Attention danger : le rapport France-Comores a longtemps respiré la Françafrique, sentant mauvais l’interventionnisme et les barbouzes. Quatre îles dans l’archipel. L’une, Mayotte, fut achetée par la France au sultan Adriansouli en 1841 (contre une rente de 1000 piastres et la prise en charge de l’éducation de ses deux enfants à l’île Bourbon, l’actuelle Réunion !). Elle fut érigée immédiatement en colonie tandis que les trois autres devinrent françaises sous forme de protectorat un demi-siècle plus tard. Mayotte choisit de rester française lors du scrutin d’autodétermination de 1974, contrairement aux trois autres îles, et reste ainsi une épine dans le pied des Comores qui ne ratent aucun discours officiel pour le rappeler. Collectivité territoriale, donc ni un département ni un territoire d’outre-mer, elle dispose d’un conseil général et d’un préfet mais aussi d’un sénateur qui proposait en 1998 de considérer l’île « comme le relais naturel et l’un des pôles de la politique française de coopération dans la sous-région« .
Voilà donc une île stratégiquement chargée mais aussi financièrement mieux lotie que ses voisines. Durant la crise politique de l’été 1997, l’île d’Anjouan tente de se séparer du pouvoir central de Moroni dans l’espoir de profiter du même statut. Ce geste, des femmes d’Anjouan le rejouent régulièrement, en allant accoucher à Mayotte pour que leur enfant soit français. Mais on dénombre aussi chaque mois de 10 à 15 morts entre les deux îles : des Anjouanais qui tentent la traversée…
De la Grande Comore surtout, à 95 %, beaucoup sont venus en France, notamment pour gagner l’argent nécessaire au « grand mariage » qui leur permettra de s’installer, gonflant les importantes communautés comoriennes de Marseille et Paris. Très liées en associations qui organisent des bals où l’on cotise pour soutenir des actions de développement villageois ou de solidarité, elles représentent une véritable manne pour le pays : le total des transferts d’argent égalerait le budget des Comores lui-même !

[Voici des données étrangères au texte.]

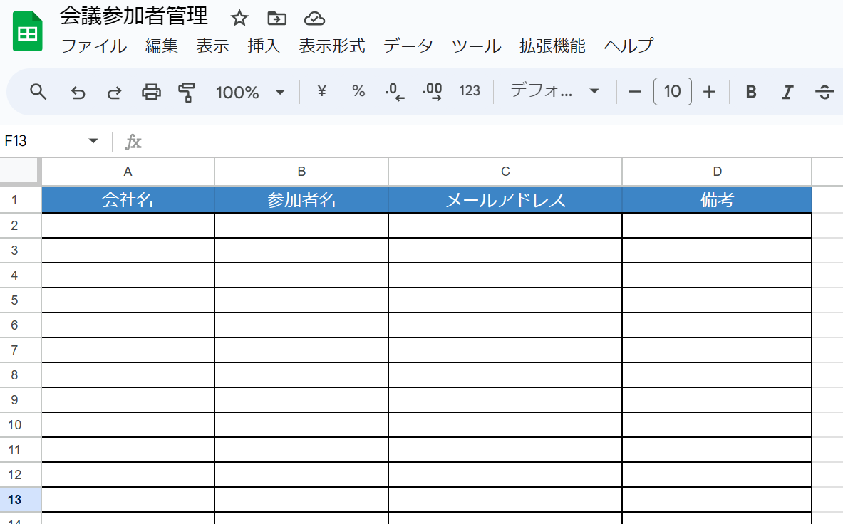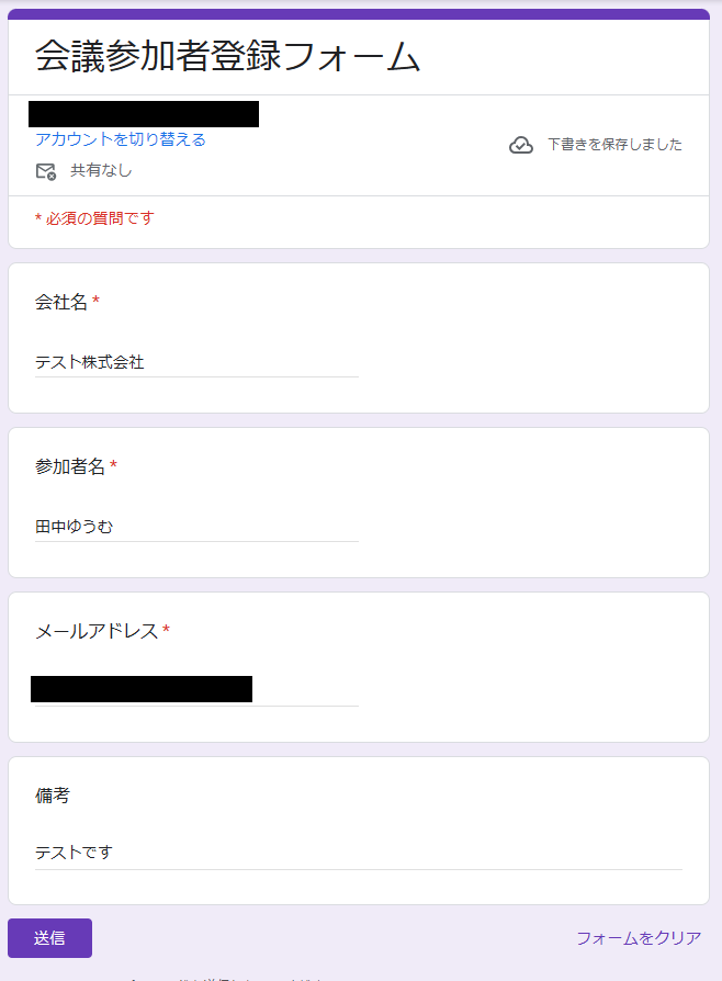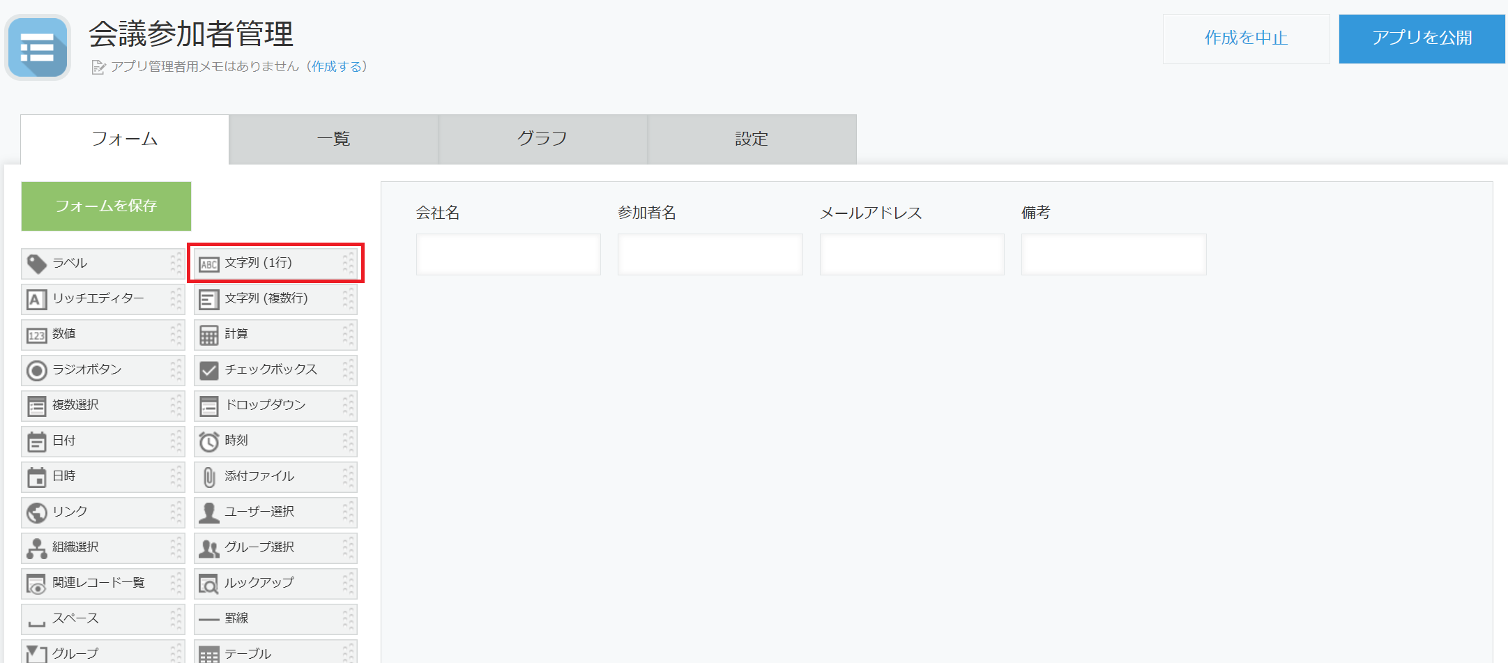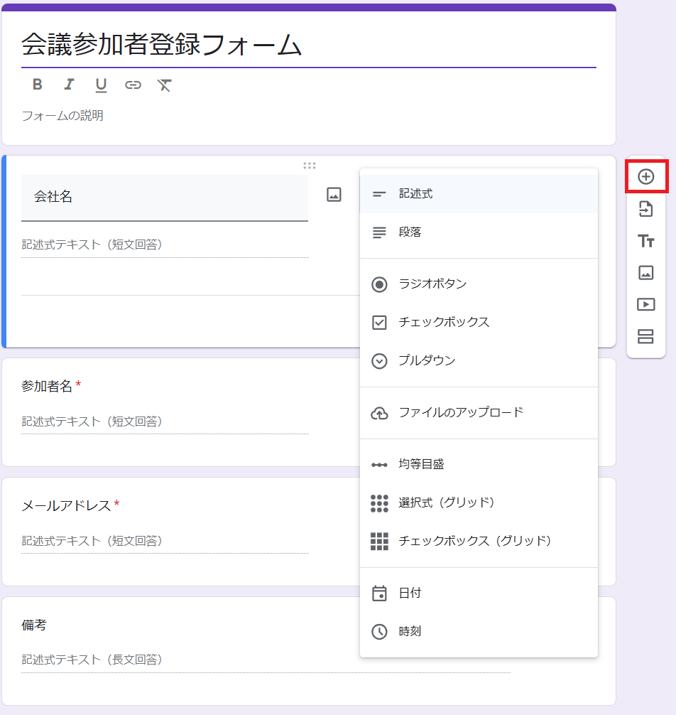 今回は項目名を「会社名、参加者名、メールアドレス、備考」にしました。

Ainsi donc, la France et les Comores partagent une histoire imbriquée et complexe, avec du bon et du mauvais. Globalement financé comme les autres dossiers consacrés à un pays par un « fonds d’action culturelle » français, ce dossier en est par la force des choses un petit prolongement à verser, souhaitons-le, du bon côté ! Une brise nouvelle souffle aux Comores : nous voulions l’accompagner, d’autant plus que l’information est rare sur les expressions culturelles de cet archipel pourtant si présent en France. Nous avons, ici encore, conservé la liberté de dire pour contribuer au débat : le forum, les courriers et articles des lecteurs de www.africultures.com sont à votre disposition pour, comme y invitent les contes comoriens, nous corriger !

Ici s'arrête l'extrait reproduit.